Review

"Die letzte Versuchung Christi" gehört zu den Filmen, die es schwer haben, objektiv beurteilt zu werden; es geht um religiöse Themen. Da stehen viele Meinungen schon vorher fest, und und sehr schnell wird nicht mehr davon gesprochen, was der Regisseur getan hat und wie er es getan hat, sondern vor allem wird gefragt: darf der das? Soll der das? Einem Künstler wie Scorsese wird man so nicht gerecht, weder, indem man ihn als Ketzer beschimpft (welche Ironie: kaum ein anderer Regisseur packt so viel christliche Weltanschauung in seine Filme), noch, indem man ihn als Kämpfer gegen kirchliche Lehrmeinungen stilisiert. Differenzierung ist angesagt!

Zunächst einmal: dies ist eine Romanverfilmung, KEIN Bibelfilm. Das Leben und Sterben Jesu ist hier "nur" die Schablone, auf welcher der menschliche Konflikt zwischen geistiger Willenskraft und fleischlichen Verlockungen ausgetragen wird. Die Arena für diesen Kampf ist die menschliche Seele selbst. Ich kann gut verstehen, dass strenggläubige Christen es nicht gern sehen, dass das Leben Jesu hierfür "missbraucht" wird (bin selber beruflich für die Kirche tätig). Ich bin aber auch der Meinung, dass es Film und Kunst erlaubt sein muss, solche Befindlichkeiten zu ignorieren und sich frei zu äußern. Warum sich allerdings beide Anschauungen nicht vereinbaren lassen sollen und stattdessen verbale Grabenkämpfe abgehalten werden, ist mir von beiden Seiten her schleierhaft!!!

Zum Film selbst: handwerklich astreines Kino, Schauspieler gut besetzt und gut aufgelegt, allen voran Keitel als Judas. Drehbuch absolut glaubwürdig, die Stationen eines Heilands, der erst noch einer werden muss, sind vollkommen logisch ineinander gefügt. Selbst Judas, sonst zu unrecht als egoistischer Verräter dargestellt, gewinnt hier Tiefe als notwendiges Glied im göttlichen Plan. Überzeugend auch die Kurzauftritte von Paulus, leider bleiben die restlichen Apostel eher blass. Das schadet dem Film zwar nicht, ist aber in meinen Augen eine verpasste Chance. Dafür bleibt der Fokus natürlich stärker auf Jesus und Judas.

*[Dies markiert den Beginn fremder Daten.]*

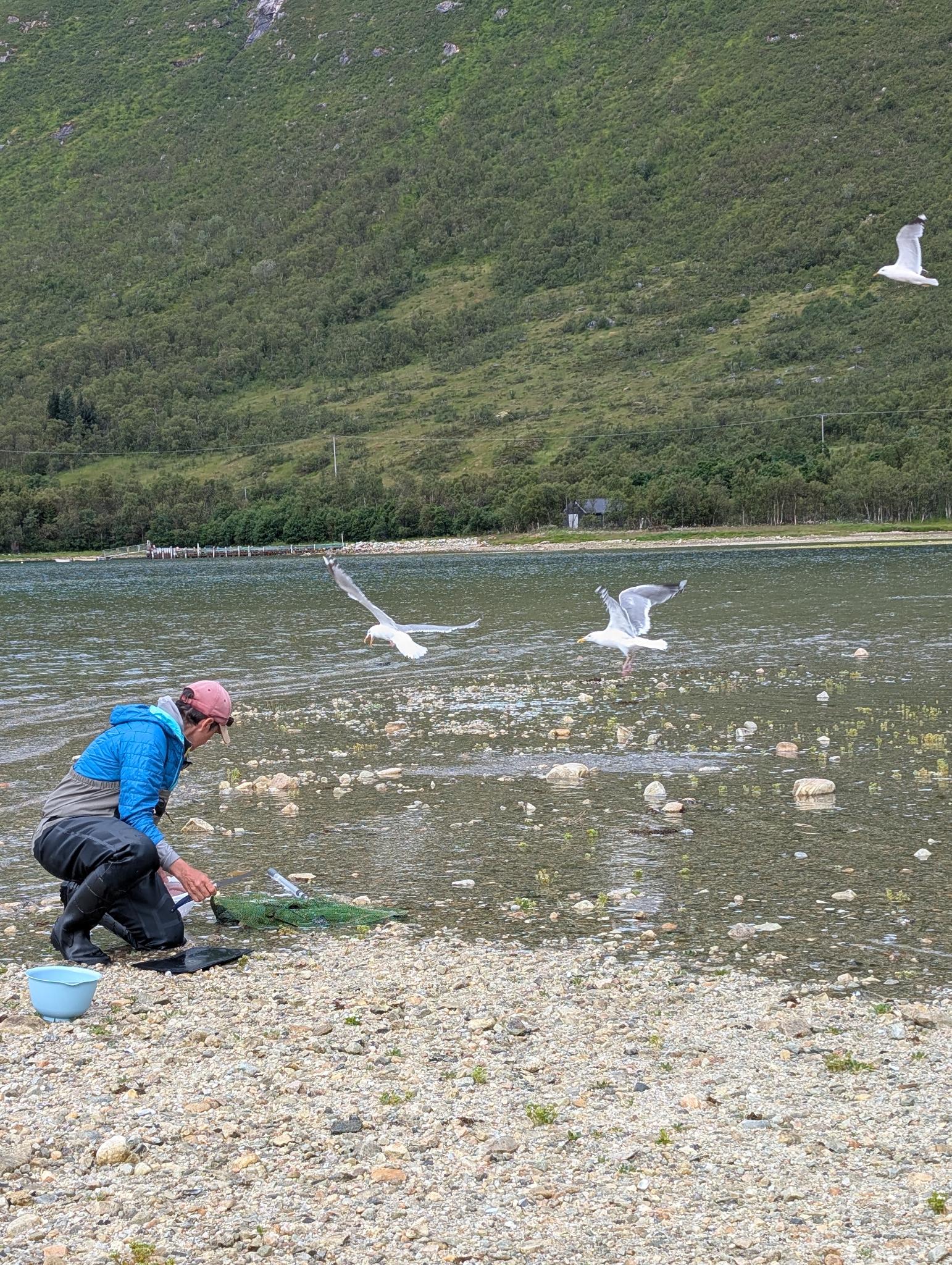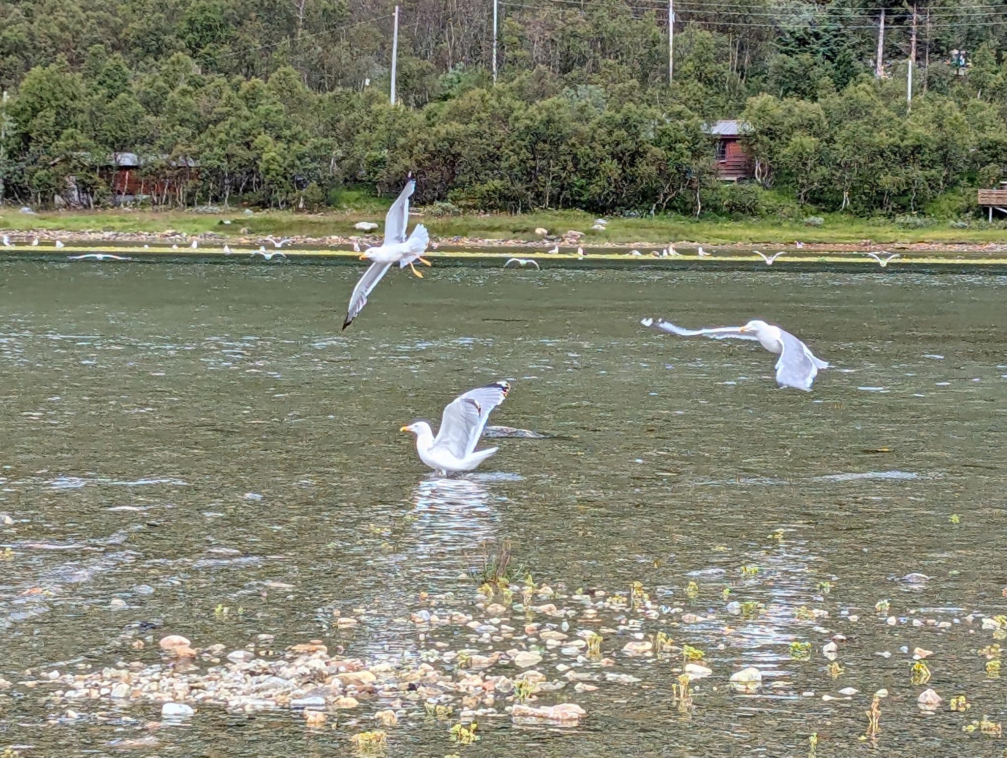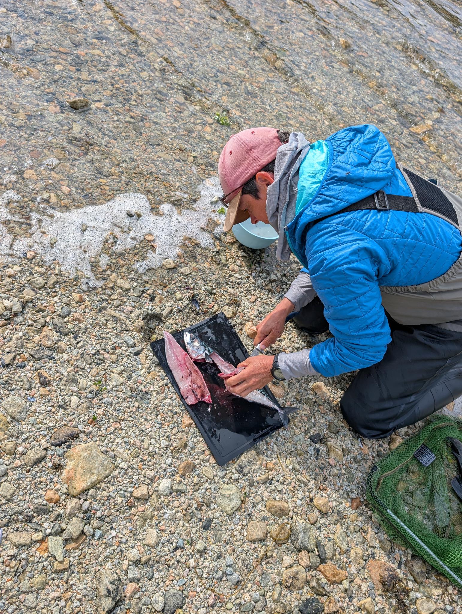 Evtl. aber auch grosse Makrelen, denn am nächsten Morgen angelt Rachel einen kleinen Sei und eine schöne Makrele. Gaby verliert nochmal einen grossen Fisch und bringt dann endlich einen Buckellachs an Land. Nach einem frühen Znacht (Fusilli al Pukkellaks) zieht Rachel nochmal los und fängt auch noch einen Buckellachs, der verschenkt wird, und um neun fallen wir ins Bett. Morgen ist das erste Mal seit Wochen wieder Regen angesagt, und wir werden Tromsø unsicher machen. Kino, undichte Stiefel eintauschen, Käfele… Und dann je nach Wetter nochmal klettern oder Wandern, um zum Schluss nochmal den Barduelva zu beangeln, diesmal mit der Fliege.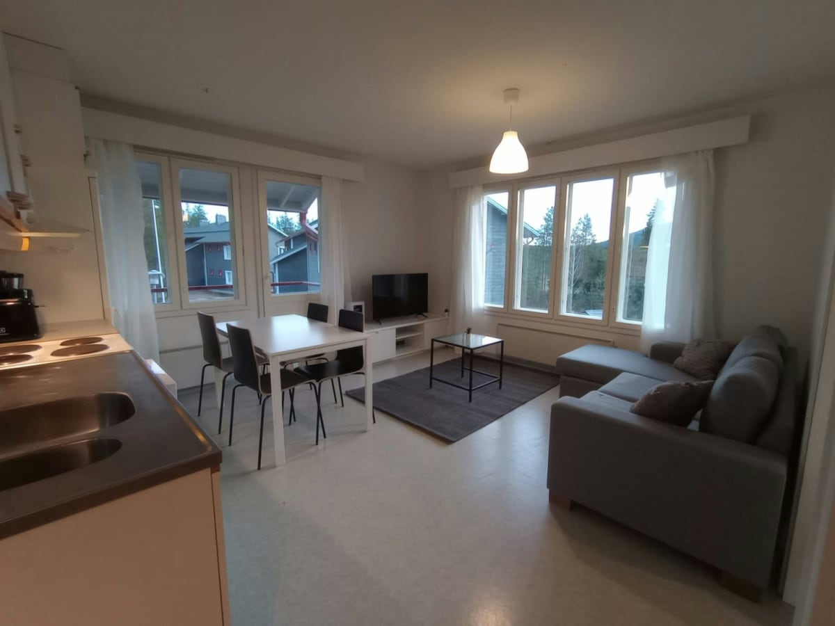 Welcome to our cozy 2-bedroom apartment in Levi, located on the second floor of a charming building. Ideal for up to 4 guests, it features a fully equipped kitchen, relaxing sauna, and modern amenities. Perfect for families, friends, or solo travelers. Parking available upon booking. Explore Levi's stunning nature and outdoor activities.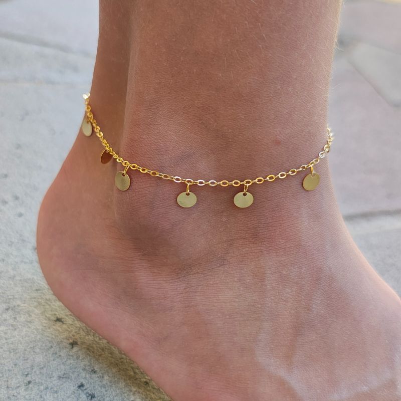 Tornozeleira corrente com medalhinhas ( moedinha) Folheado em ouro (LIMITADO)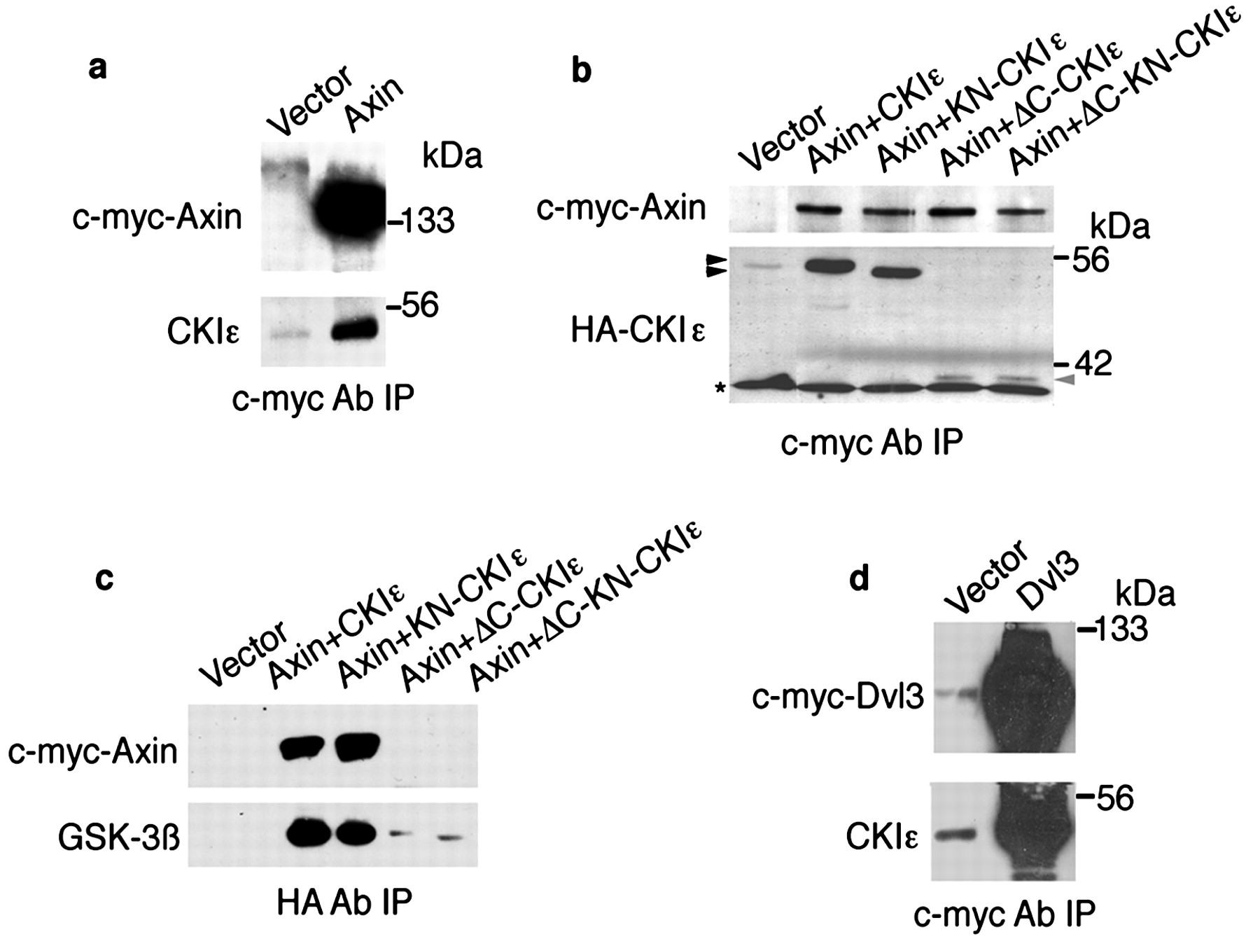 CKIɛ forms a complex with the other molecules in the Wnt pathway. (a) Endogenous CKIɛ coimmunoprecipitated with transfected myc-tagged axin. (b) The C-terminus domain of CKIɛ is required for binding to axin. Myc-axin and hemagglutinin (HA)-CKIɛ constructs (indicated by arrows) were cotransfected in 293 cells. Myc-axin immune complexes were analyzed by immunoblotting with myc (detect axin) and HA (detect CKIɛ) antibodies. Dye front was marked as ★. (c) GSK-3β is in a complex with CKIɛ and axin. Myc-axin and HA-CKIɛ constructs (indicated) were cotransfected in 293 cells. HA-CKIɛ immune complexes were analyzed by immunoblotting with myc (detect axin) and GSK-3β antibodies. (d) Endogenous CKIɛ is coimmunoprecipitated with transfected myc-tagged Dvl3.

Das Konzept des Filmes/des Buches muss man halt mögen, ich als sehr gläubiger Mensch halte es schlicht für genial! Und auch gar nicht so weit vom kirchlichen Dogma entfernt, wie manche gern hätten. Jesu Leiden und Tod wären kein wirkliches Martyrium, wenn es nicht qualvoll wäre, wenn er als Gott über den Dingen stünde. Nur sein freiwilliger (!) Verzicht auf irdisches Glück und Annahme des unerträglichen Leidensweges geben seinem Martyrium erst seine universelle Heilswirkung für die Menschheit. Die Ausschmückungen, die sich der Film leistet, sind natürlich in keiner Weise biblisch, um so mehr aber sehr realistisch.

Was soll man zu Kamera / Schnitt / Regie sagen? In meinen Augen gehört das, was Scorsese mit Ballhaus geschaffen hat, zu den Sternstunden des Kinos, und zu Schoonmaker gibt es für Scorsese-Filme eh keine Alternative. Einfach top, was die Drei hier wieder gezaubert haben. 

FAZIT: Statt ideologische Kämpfe auszutragen lieber den Film anschauen! Scorsese behandelt auf brillantem handwerklichen Niveau Themen, denen sich auch weniger göttliche Menschen in ihrem Leben stellen sollten.